To my surprise, I learned on the Internet that our experience was pretty typical. I guess Americans have come to accept throwing away hundred-dollar appliances. But as I soon discovered, the way to end that extravagance was to spend even more money!

“Ever hear of a Vita-Mix?” I asked the wife.

“Oh, yes!” Whatever had been going on in the kitchen had stopped. “You want a Ferrari before you die…I want a Vita-Mix!”

If you’ve ever been to a county or state fair, you have a passing acquaintance with this very high-end blender. A salesman, sweating beneath a gigawatt light bank, demonstrates for an enthralled audience of women and their apprehensive husbands the apparently endless tasks that this blender of blenders can perform. “Bushel of carrots? No problem.” Blurp! “Frozen beets?” Blurp! “Raw grains?” Blurp! “Grind your own flour?” Blurp! “Cook healthful soups without using your stove?” Blurp!

Well, I bought one. “Gulp!” I chose a reconditioned unit that I bought online from Vita-Mix. It cost me three-hundred and eighty dollars, including shipping, and it came with the same seven-year warranty as a new machine. Now I have at my fingertips two full horsepower to mangle whatever I choose (That’s more than my first go-kart had!), and a promise in writing to replace those ponies should they falter. And – so far – I get my Yummy Drink without fail.

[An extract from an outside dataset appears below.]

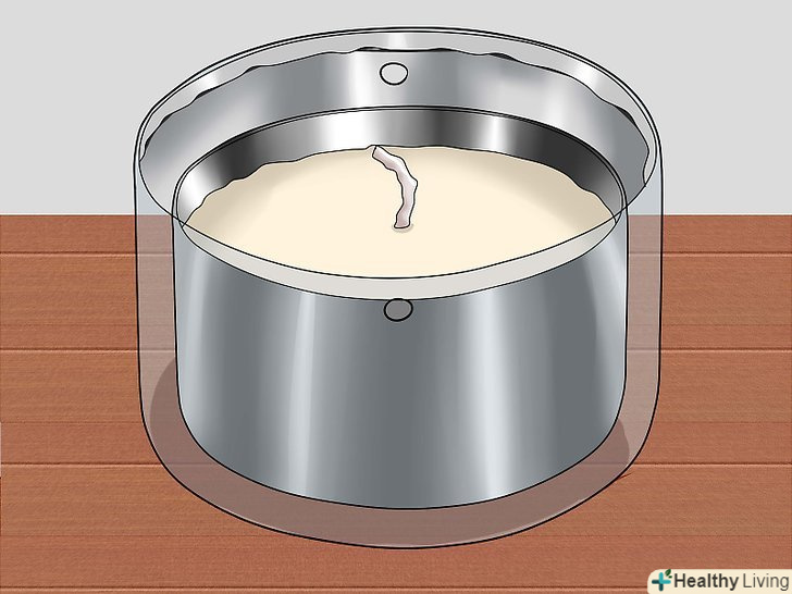 Розмістіть по центру банки маленьку гріючу свічку.Скомкайте фольгу і покладіть її під низ і навколо свічки, щоб вона не рухалася. Такі свічки зазвичай йдуть в спеціальних підставках, тому віск не повинен плавитися і витікати в алюмінієву банку.

Should you and your mate have a blender that’s up to the task and want your own Yummy Drink, combine one heaping scoop of protein powder, one heaping tablespoon of vitamin powder, four scoops of cold milled flax seed, two-thirds cup of aloe, two shots each of cherry and pomegranate concentrate, one peeled frozen banana, two cups of water, and two large handfuls of frozen strawberries, peaches, melons and blueberries, which we get in a single package at Costco. We also get the cold rolled flax seed at Costco. The rest comes from our local Vitamin Shoppe.

The strawberry has met King Kong. And finally, King Kong has won!